Hohe Zeit. Anstieg.

Lyon hatte ihn eigentlich nie interessiert, wahrscheinlich, weil die Stadt nicht am Meer lag. Doch die schwarzfüßige Freundin, die er seit der Londoner Zeit im gemeinsamen Freundes- und Bekanntenkreis still begehrte und die vor einigen Monaten wieder ins heimatliche Ardèche zurückgekehrt war, um ihrem sechsjährigen Sohn einen bodenständigen Vater zu geben, nicht einen solchen allzu lebensfreudigen Tunichtgut wie dessen Erzeuger, der vermutlich seiner Realitätsignoranz wegen mit einer tödlichen Apoplexie bestraft worden war, schwärmte ihm immerzu von den zwei Wassern vor, die die Presqu'ile spielerisch umfaßten und liebkosten und zur Rhône vereinigt den Süden eröffneten. Diese Situation sich anzuschauen, hatte er sich vorgenommen, vor allem aber die Oper der Stadt, die sie nie ohne Nachdruck erwähnte. Ein wenig erstaunt war er darüber gewesen, da die von ihr bevorzugt gehörten Stimmen einer anderen Lärmkategorie angehörten. Doch möglicherweise war es die Sehnsucht aller französischen Provinzler nach dem Triumphalen außerhalb der Hauptstadt. Denn diesem offensichtlich außergewöhnlichen Haus, das hatte er nachgelesen, war vor einiger Zeit neben Paris als einzigem der Status einer Nationaloper zugesprochen worden. Zudem war es seit Ende der achtziger bis in die neunziger Jahre von Jean Nouvel derart umgestaltet worden, daß ihm auch ohne Musik ein Ruf wie Donnerhall voraustönte. Dazu gehörte die Geschichte vom Tonnendach, auf dem es zu blinken begann wie die Energieanzeige eines hochfrequentierten Rotllichtviertels, wenn darunter die Ouverture einsetzte.
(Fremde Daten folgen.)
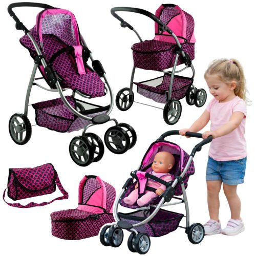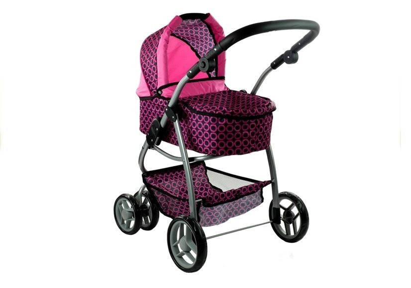 2 az 1-ben Alice babakocsi és babakocsi - Rózsaszín, fekete pöttyökkel   Sok lány imádja a babakocsikat és babakocsikat, amelyek lehetővé teszik számukra, hogy úgy viselkedjenek és játsszanak, mint az anyukájuk. Egyszerűen szeretnek olyanok lenni, mint az anyukájuk.  A kislányok imádják a babáikat gondozni.  Ez a tevékenység sok mókát és örömet okoz a lányoknak. Hogyan tehetjük még érdekesebbé? Válaszd a 2 az 1-ben Alice babakocsit és babakocsit, amelyek garantáltan nagyszerű szórakozást garantálnak.    A készlet tartalma: - 2 az 1-ben Alice babakocsi és babakocsi - Táska fekete pöttyökkel - Használati utasítás   Egy másik nagyszerű kiegészítő ehhez a modellhez a széles és mély anyagú rekesz a babakocsi alatt, ahol a gyermek nemcsak a szükséges kiegészítőket tarthatja, hanem egy szép táskát is, amelyben a babababa ruháit és a cumisüveget tarthatja.    A gyártó utasításai szerint ez a termék 3 év feletti gyermekek számára készült, és eredeti dobozban van csomagolva. A bemutatott termék tanúsított anyagból készült, és CE tanúsítvánnyal rendelkezik, amely igazolja a termék hosszú élettartamát és az Európai Uniós irányelvek összes követelményének való megfelelését.  Műszaki információk  2 az 1-ben babakocsi és Alice Méret: 83 x 45 x 70    Táska: 21,5 x 20 x 9  Kis kerék: 14 x 3  Nagy kerék: 16,5 x 3  Csomag mérete: 38,5 x 59 x 17,5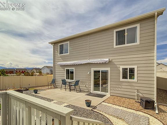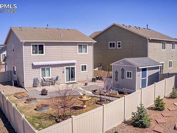 Prime location next to a large park, with a fenced in dog park, on the side of this beautiful 3 bed 3 bath home. Giving you stunning Pikes Peak Views. The landscaping is complete in both the front and backyard, ready for you to enjoy this summer. The 10x12 She Shed is custom built, offering a backdoor and a porch! Check out the mountain views from there. Enjoy the summer evenings on the large 10x20 patio with the automated awning! Brand new carpet welcomes you upon entry. The open floorplan allows plenty of space to enjoy your family and friends. Kitchen has ample counter and cabinet space, plus a pantry. Upstairs you will find three bedrooms and the laundry. Grab your favorite book and enjoy the private sitting area in the master bedroom! Home is within 5 minutes of Penrose St Francis Hospital. Easy access to Woodmen, Powers and I25. Close to shopping, schools, restaurants and so much more! Come see this one today!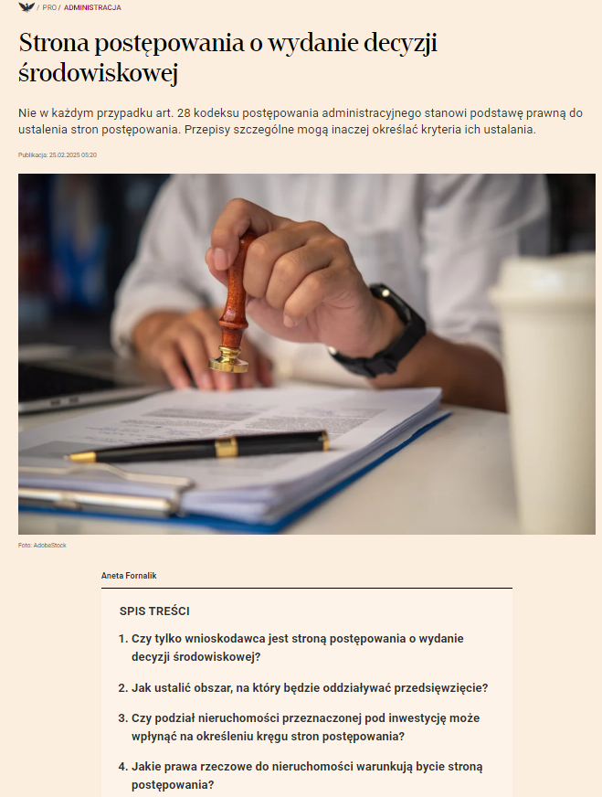 Najnowszy artykuł adw. Anety Fornalik w Rzeczpospolitej dotyczy ważnego tematu z zakresu ochrony środowiska — postępowania o wydanie decyzji środowiskowej. W artykule omówione są zagadnienia związane z rolą strony postępowania, jej uprawnieniami oraz obowiązkami, które wynikają z przepisów prawa ochrony środowiska. Autorka porusza również kwestie procedur administracyjnych oraz wpływu decyzji na realizację projektów inwestycyjnych.
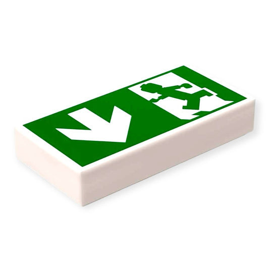 Bedruckte LEGO® Fliese 1x2 - Notausgang / Fluchtweg-Schild unten
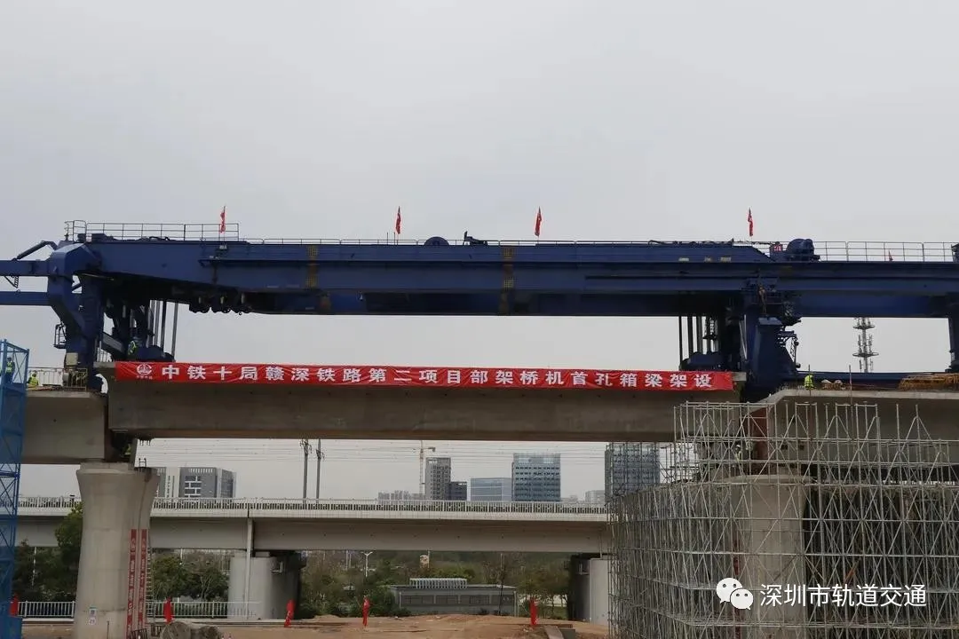 贛深鐵路10標(biāo)使用架橋機(jī)架設(shè)首榀箱梁圓滿完成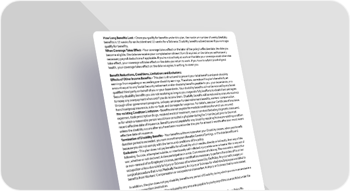How Long Benefits Last - Once you qualify for benefits under this plan, the maximum number of weekly Disability benefits is 13 weeks for an Accident and 13 weeks for a Sickness. Disability benefits will end sooner if you no longer qualify for benefits. When Coverage Takes Effect - Your coverage takes effect on the later of the policy’s effective date, the date you become eligible, the date we receive your completed enrollment form if required, or the date you authorize any necessary payroll deductions if applicable. If you’re not actively at work on the date your coverage would otherwise take effect, your coverage will take effect on the date you return to work. If you have to submit proof of good health, your coverage takes effect on the date we agree, in writing, to cover you. Benefit Reductions, Conditions, Limitations and Exclusions: Effects of Other Income Benefits - This plan is structured to prevent your total benefits and post-disability earnings from equaling or exceeding pre-disability earnings. Therefore, we reduce this plan’s benefits by an amount equal to any Social Security retirement and/or disability benefits payable to you, your dependents, or a qualified third party on behalf of you or your dependents. Your disability benefits will not be reduced by any Social Security disability benefits you are not receiving as long as you cooperate fully in efforts to obtain them and agree to repay any overpayment when and if you do receive them. Disability benefits will be reduced by amounts received through other government programs, sick pay, employer funded retirement benefits, workers’ compensation, franchise/group insurance, auto no-fault, and damages for wage loss. For details, see your Certificate of Insurance. Pre-existing Condition Limitation - Benefits are not payable for medical conditions for which you incurred expenses, took prescription drugs, received medical treatment, care or services (including diagnostic measures), or for which a reasonable person would have consulted a physician during the 3 months just prior to the most recent effective date of insurance. Benefits are not payable for any disability resulting from a pre-existing condition unless the disability occurs after you have been insured under this plan for at least 6 months after your most recent effective date of insurance. Termination of Disability Benefits - Your benefits will terminate when your Disability ceases, when your benefit duration period is exceeded, you earn more than your allowable Covered Earnings, or the date benefits end because you did not comply with the terms and conditions of the policy. Exclusions - This plan does not pay benefits for a Disability which results, directly or indirectly, from any of the following: Suicide, attempted suicide, or intentionally self-inflicted injury while sane or insane; War or any act of war, whether or not declared; Active participation in a riot; Commission of a felony; The revocation, restriction or non-renewal of an Employee’s license, permit or certification necessary to perform the duties of his or her occupation unless due solely to Injury or Sickness otherwise covered by the Policy; Any cosmetic surgery or surgical procedure that is not Medically Necessary; An Injury or Sickness for which the Employee is entitled to benefits from Workers' Compensation or occupational disease law; An Injury or Sickness that is work related. In addition, the plan does not pay disability benefits any period of Disability during which you are incarcerated in a penal or corrections institution. 1. Your benefit amount will be reduced by any amounts payable to you by any of the sources listed under the “Effects of Other Income Benefits” section. Terms and conditions of coverage for Short Term Disability insurance are set forth in Group Policy No. VDT0962155. This is not intended as a complete description of the insurance coverage offered. This is not a contract. Complete coverage details, including premiums, are contained in the Policy Certificate. If there are any differences between this summary and the group policy, the information in the group policy takes precedence. Product availability and/or features may vary by state. Please keep this material as a reference. Insurance coverage is issued on group policy form number: Policy Form TL-004700. Coverage is underwritten by Life Insurance Company of North America, 51 Madison Avenue, New York, NY 10010. Group insurance products are insured by Life Insurance Company of North America and New York Life Group Insurance Company of NY, affiliates of New York Life Insurance Company. ©2024 New York Life Group Insurance Company, New York, NY. All Rights Reserved. NEW YORK LIFE and the New York Life box logo are trademarks of New York Life Insurance Company. Created on 05/2024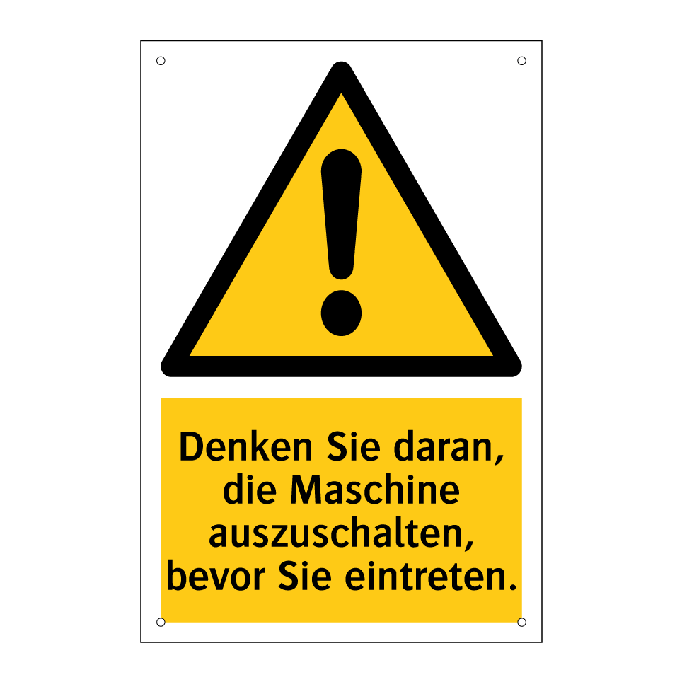 Warnschild mit dem Text Denken Sie daran, die Maschine auszuschalten, bevor Sie eintreten.

Einige Gründe waren es, die ihn zu dem Entschluß gebracht hatten, dort aus dem Zug auszusteigen und für ein paar Stunden Station zu machen. Vielleicht ließe sich auch noch ein Treffen mit der mittlerweile Unerreichbaren arrangieren, die nicht allzuweit entfernt auf dem Land lebte. Dann würde er gegebenenfalls mit der letzten Bahn weiterfahren und immer noch vor den Wassern der Rhône in deren Mund angekommen sein.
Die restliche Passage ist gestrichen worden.